Did my first route with the newest version 3785. All I can say is I wish ALL routes were this smooth and well done.
My shortest route mile wise and got them all dropped within an 1 1/2 hours. Total time was 2 1/4 hours from pickup to completed.
28 route miles, 50 packages. 
Route was logical and I didn't even need to do any manual routing and no returns to where I started or delivered already. So, i'm giving this one a thumbs up. 
It's a KEEPER!


----------



## Shangsta (Aug 15, 2016)

CarmenFlexDriver said:


> Did my first route with the newest version 3785. All I can say is I wish ALL routes were this smooth and well done.
> My shortest route mile wise and got them all dropped within an 1 1/2 hours. Total time was 2 1/4 hours from pickup to completed.
> 28 route miles, 50 packages.
> Route was logical and I didn't even need to do any manual routing and no returns to where I started or delivered already. So, i'm giving this one a thumbs up.
> It's a KEEPER!


Pretty great? Praying they don't change it just 'cuz and ruin a good thing.


----------



## MoMoney$ (Aug 24, 2016)

CarmenFlexDriver said:


> Did my first route with the newest version 3785. All I can say is I wish ALL routes were this smooth and well done.
> My shortest route mile wise and got them all dropped within an 1 1/2 hours. Total time was 2 1/4 hours from pickup to completed.
> 28 route miles, 50 packages.
> Route was logical and I didn't even need to do any manual routing and no returns to where I started or delivered already. So, i'm giving this one a thumbs up.
> It's a KEEPER!


Great to hear! I upgraded as well and so far so good!


----------



## CarmenFlexDriver (Jun 21, 2016)

We'll see how today's route goes but grabbing blocks is working much better in this version as well. Let's hope it's not a fluke and if it is working well they don't BREAK it on the next update!


----------



## miauber1x831 (May 5, 2016)

CarmenFlexDriver said:


> We'll see how today's route goes but grabbing blocks is working much better in this version as well. Let's hope it's not a fluke and if it is working well they don't BREAK it on the next update!
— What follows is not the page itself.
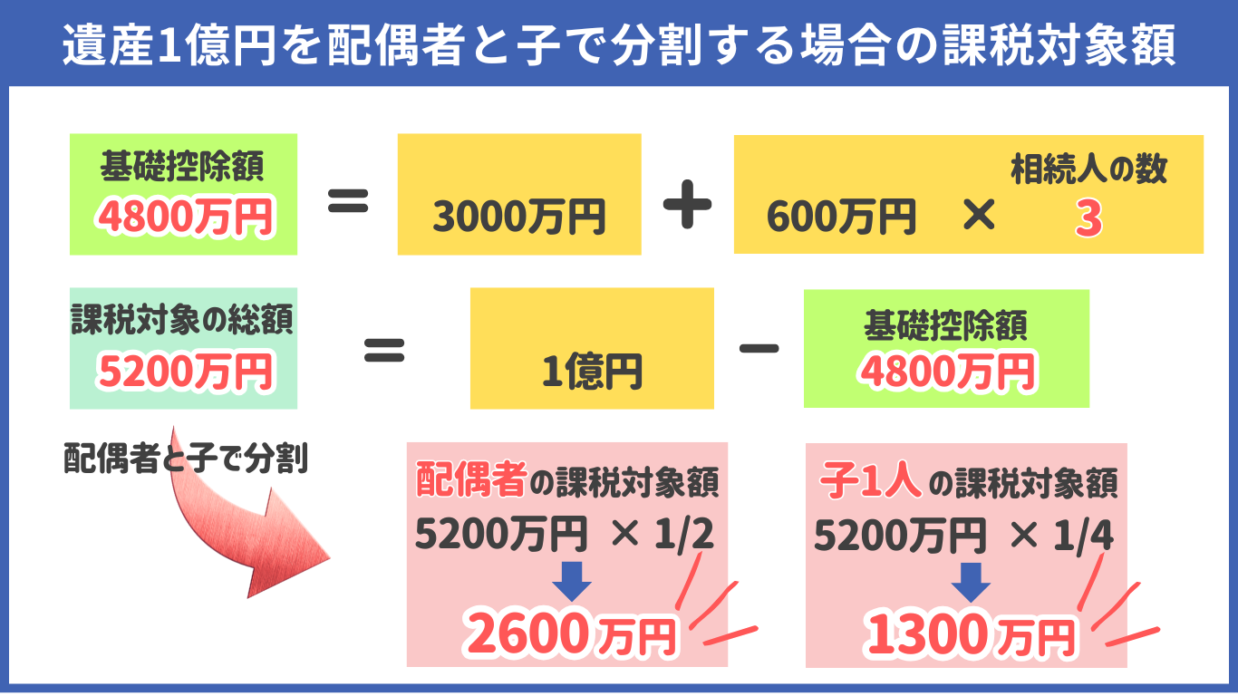 この場合の法定相続人は、配偶者と子2人の3人なので、基礎控除額は4,800万円となり、課税対象額は2億5,200万円です。

Not for me. Every time I try to grab a block at 10 pm now the app freezes.


----------



## CarmenFlexDriver (Jun 21, 2016)

miauber1x831 said:


> Not for me. Every time I try to grab a block at 10 pm now the app freezes.


 That's why I tell everyone that once you find a good, stable version that works on your phone to try to keep a copy to fall back on. I have a version of 3459 if you want to give it a shot. I can send a link for the download. 
This new version glitched on me the first night but after that i've gotten blocks every night since as well as last night. 
Also, writing support to tell them this new version doesn't work on your phone sometimes get's you a different version.


----------



## CarmenFlexDriver (Jun 21, 2016)

Ok.......I take back most of what I said of the new update! The 10pm grab seems to be working well. Had one route that was CAKE.....today the route was the total opposite! Terrible routing and lot's of miles. 52 miles again???? For just 31 packages. Ridiculous! 
Oh well......have no clue how one day it works fine the next it's a nightmare!? I guess to keep us on our toes?

Then on top of that......had to flatbed my vehicle home 20 miles as my alternator went on me! Ah.....the life of an Amazon DP! Sometimes you eat the bear, sometimes the bear eats you!


----------



## Shangsta (Aug 15, 2016)

CarmenFlexDriver said:


> Ok.......I take back most of what I said of the new update! The 10pm grab seems to be working well. Had one route that was CAKE.....today the route was the total opposite! Terrible routing and lot's of miles. 52 miles again???? For just 31 packages. Ridiculous!
> Oh well......have no clue how one day it works fine the next it's a nightmare!? I guess to keep us on our toes?
> 
> Then on top of that......had to flatbed my vehicle home 20 miles as my alternator went on me! Ah.....the life of an Amazon DP! Sometimes you eat the bear, sometimes the bear eats you!


Whew I just had a block like yours. Tip for your fellow drivers.

When you are doing packages with the same package ID (the two letters and four numbers inside the square that say what region they are in) your packages should be within five minutes of one another. I had one randomly 15 minutes away in the same "area" ran then address with Waze and Google Maps and it was only one minute away.

The amazon app was taking me to the wrong address.

The package said 123rd Fake Ave SE
But the app said 123 Fake Ave SE.

That simple mistake of the app leaving off "rd" was going to take me 15 minutes off course. If your next delivery is far away and they are in the same group! Double check!


----------